Golf to take off in Israel
Golf to take off in IsraelIsrael news photo: Golfspice.com

The Tourism Ministry announced Monday it is investing 760 million shekels ($200 million) to develop 16 golf courses in an effort to encourage golfers to visit the country. It hopes the investment will pay back 3 billion shekels ($790 million) in spending by tourists.

The ministry is banking on a 20 percent increase in hotel occupancy.

The first potential sites for golf courses are in the Eilat area; between Jerusalem and Tel Aviv; the Dead Sea; Tiberias, located on the Kinneret (Sea of Galilee), and Hadera, several miles east of Haifa.

"Developing golf tourism will diversify tourism, encourage high-value local and international investment from a tourism, commercial, employment and regional development viewpoint,” according to  Tourism Minister Stas Misezhnikov.

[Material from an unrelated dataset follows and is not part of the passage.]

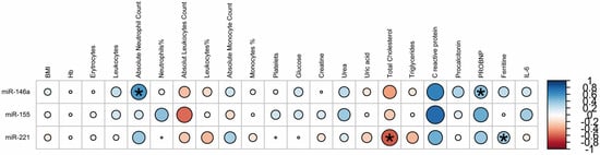 Correlations between significant miRNAs and clinical characteristics. Blue circles represent positive correlations, while red circles represent negative correlations. Significance of correlation is, accordingly, the circle diameter. Spearman’s correlation (* p < 0.05).

He expects that “tens of thousands of golf tourists will come to Israel annually and that golf tourism will help Israel compete with other countries in the region including Egypt, Jordan and the Mediterranean basin countries, which have long been preferred golf tourism destinations."

The number of golf courses and golfers around the world has almost doubled to an estimated 33,000 golf courses and about 55 million golfers in the past 20 years. A report published by Oxford Economics on golf tourism found that the average golf tourist spends more than $200 a day and that golf tourism in Europe, the Middle East and Africa directly generated $4 billion and 60,000 jobs in 2006.